DIRECTIONS - Return only the lines below starting at the line containing "DENNIS ROPAR, CRYING" and ending at the line containing "모델 시리얼라이저를 활용해서 article 데이터를 받아보도록 하자!", both included, exactly as they are and with no pictures.

Dataset entries:
○ ○ ○ ○ ○ ○ ○

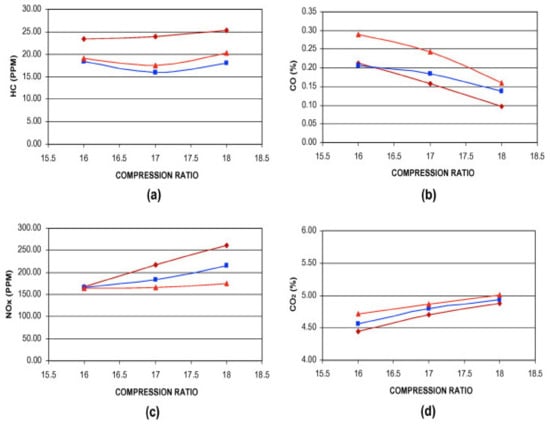 - Sayin, C.; Gumus, M. Impact of compression ratio and injection parameters on the performance and emissions of a DI diesel engine fueled with biodiesel-blended diesel fuel. Appl. Therm. Eng. 2011, 31, 3182–3188. [Google Scholar] [CrossRef]
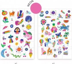 Az ideiglenes tetoválások remek kiegészítők gyerekzsúrokra, ajándéktasakokba vagy kis jutalomként. A csomag 2 ívet tartalmaz, több mint 50 motívummal szivárványos színekben.
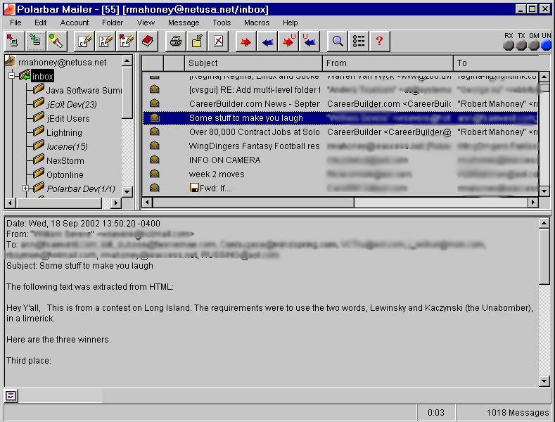 Here are some thumbnail image links to full size screenshots of Polarbar Mailer in action.
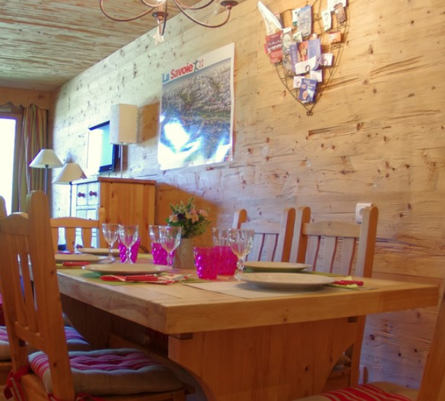 De inrichting van de appartementen sluit helemaal aan op de Savoyarde stijl. Elk appartement is helemaal afgewerkt met hout en de rood-witte gordijnen en kussen creëren een warme sfeer. Eigenlijk is elk appartement een klein, hout huisje. In de keuken maak je de lekkerste Franse gerechten klaar en op de bank in de woonkamer kom je na een lange dag op de ski’s heerlijk tot rust. Is koken niet echt jouw ding? Een kleine wandeling brengt je al naar het centrum van Valmorel waar je aanschuift voor een heerlijk Frans diner. Dat wordt genieten!
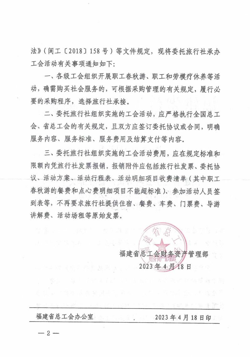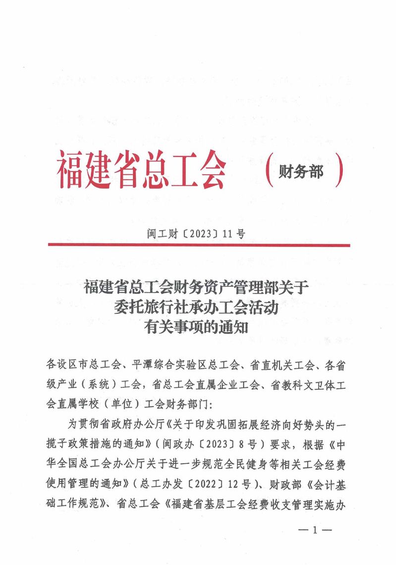 福建省总工会财务资产管理部关于委托旅行社承办工会活动有关事项的通知
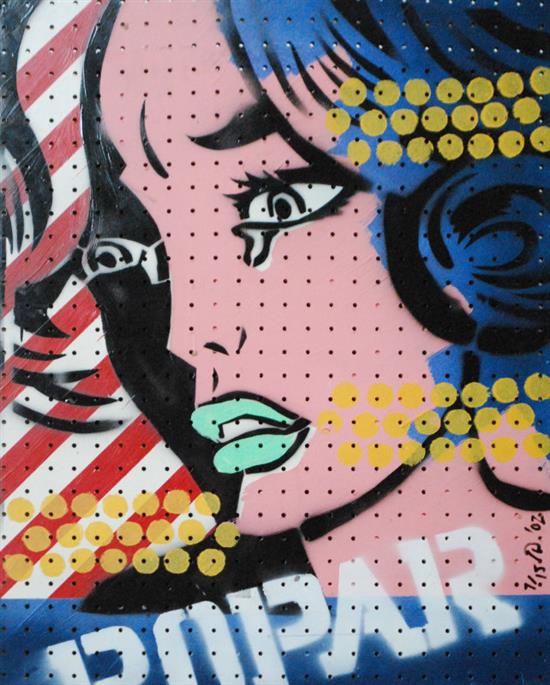 DENNIS ROPAR, CRYING GIRL, SYNTHETIC PAINT ON PEG BOARD, 76 X 61CM
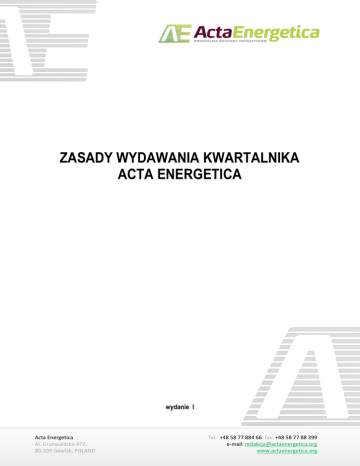 ZASADY WYDAWANIA KWARTALNIKA ACTA ENERGETICA
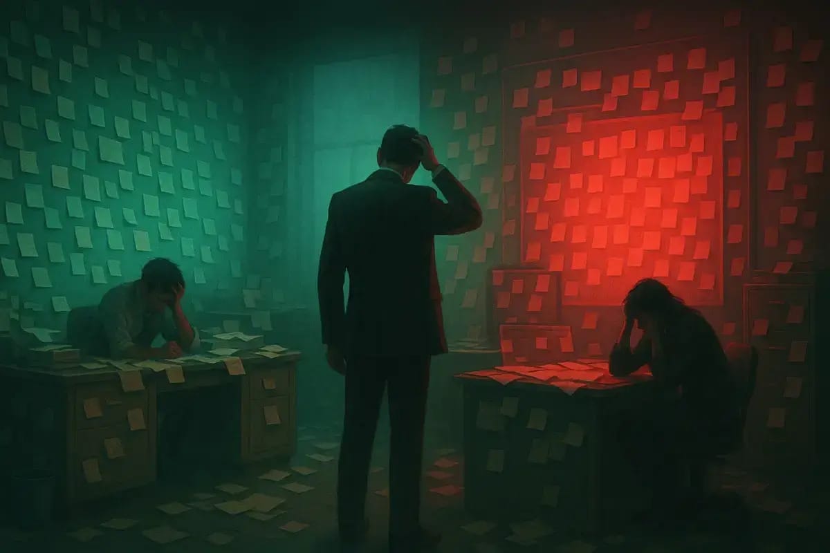 We'd stick Post-its on walls like we were trying to summon an idea by overwhelming the gods with stationery. We'd build decks so vast and intricate they could be mistaken for the schematics of a new space station. We'd rehearse presentations like actors prepping for their West End debut, only to deliver them to a room of expressionless stakeholders trained in the ancient art of studiously-not-reacting (SNR™).
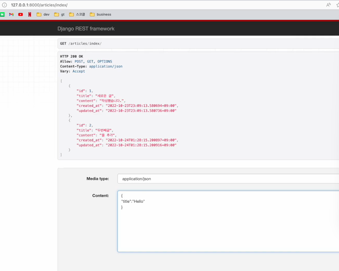 모델 시리얼라이저를 활용해서 article 데이터를 받아보도록 하자!
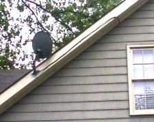 < This DirecTV dish was mounted on the roof soffet edge sideways. Note that the dish mount foot is not vertical, but placed so all 4 bolt holes line up on the board. This causes the mount pole arm to stick out from the mount instead of up, so the dish is laying almost on it's SIDE, hard to see from this angle. The cable could have been run under the edge to hide it. Circular polarization will permit this unconventional mounting position.

○ ○ ○ ○ ○ ○ ○

OUTPUT OF THE EXERCISE -
 DENNIS ROPAR, CRYING GIRL, SYNTHETIC PAINT ON PEG BOARD, 76 X 61CM
 ZASADY WYDAWANIA KWARTALNIKA ACTA ENERGETICA
 We'd stick Post-its on walls like we were trying to summon an idea by overwhelming the gods with stationery. We'd build decks so vast and intricate they could be mistaken for the schematics of a new space station. We'd rehearse presentations like actors prepping for their West End debut, only to deliver them to a room of expressionless stakeholders trained in the ancient art of studiously-not-reacting (SNR™).
 모델 시리얼라이저를 활용해서 article 데이터를 받아보도록 하자!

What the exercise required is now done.